With the development of drug delivery, novel tools and technological approaches have captured the attention of researchers in recent years. Several target drug delivery systems (DDSs) including nanoparticles (NPs) have been developed as an important strategy to deliver classical medicine.
The objective of this study was to evaluate the application of novel daunorubicin (DNR)-loaded poly(lactic-co-glycolic acid)-poly- l-lysine-polyethylene glycol-transferrin (Tf) nanoparticles (DNR-loaded NPs) in hematologic malignancies in vitro and in vivo.
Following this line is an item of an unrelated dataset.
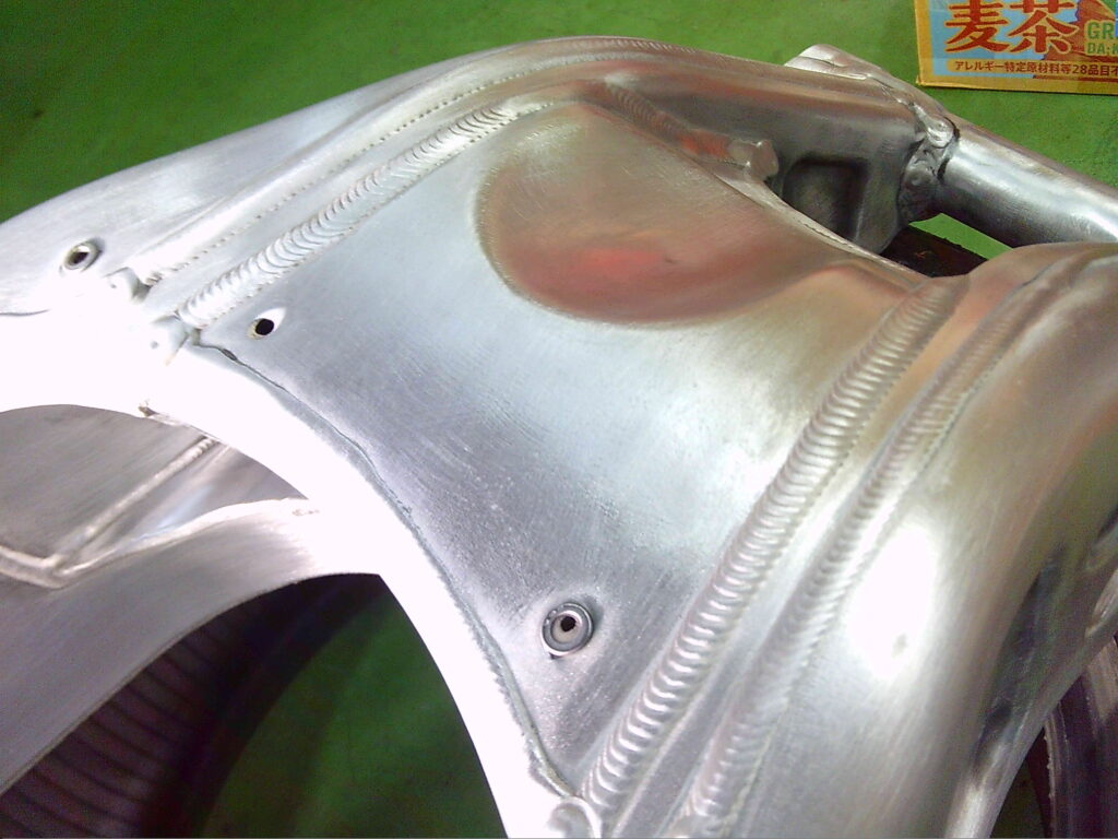 ブラックアルマイトを落としてからのバフ掛け準備。

DNR-loaded NPs were prepared by the modified double-emulsion solvent evaporation/diffusion method, and its microscopic form was observed under scanning electron microscope. Intracellular distribution of DNR was directly detected by fluorescence microscopy. After establishment of a tumor xenograft model by injecting K562 cells into the left leg of nude mice, the therapeutic effect of the DNR-loaded NPs on the growth of tumors was measured by calculating the tumor size, and the relative expression of Caspase-3 protein was detected by immunohistochemical staining. Furthermore, intracellular concentration of DNR and the extent of cell apoptosis in primary leukemia cells were quantified by flow cytometry.
DNR-loaded NPs had a spherical shape of about 180 nm in diameter. DNR-loaded NP group showed a significant enhancement of cellular uptake in K562 cells compared with DNR group. Tumor inhibition rate was higher in DNR-loaded NP group in comparison with DNR group, and the relative expression of Caspase-3 protein was upregulated in DNR-loaded NP group compared with DNR group. Furthermore, DNR-loaded NPs obviously increased intracellular concentration of DNR in primary leukemia cells compared with DNR group, but there was no significant difference in primary cell apoptosis between the two groups. These findings suggest that the novel NP DDS can enhance the performance of conventional antitumor drugs and may be suitable for further application in the treatment of hematologic malignancies.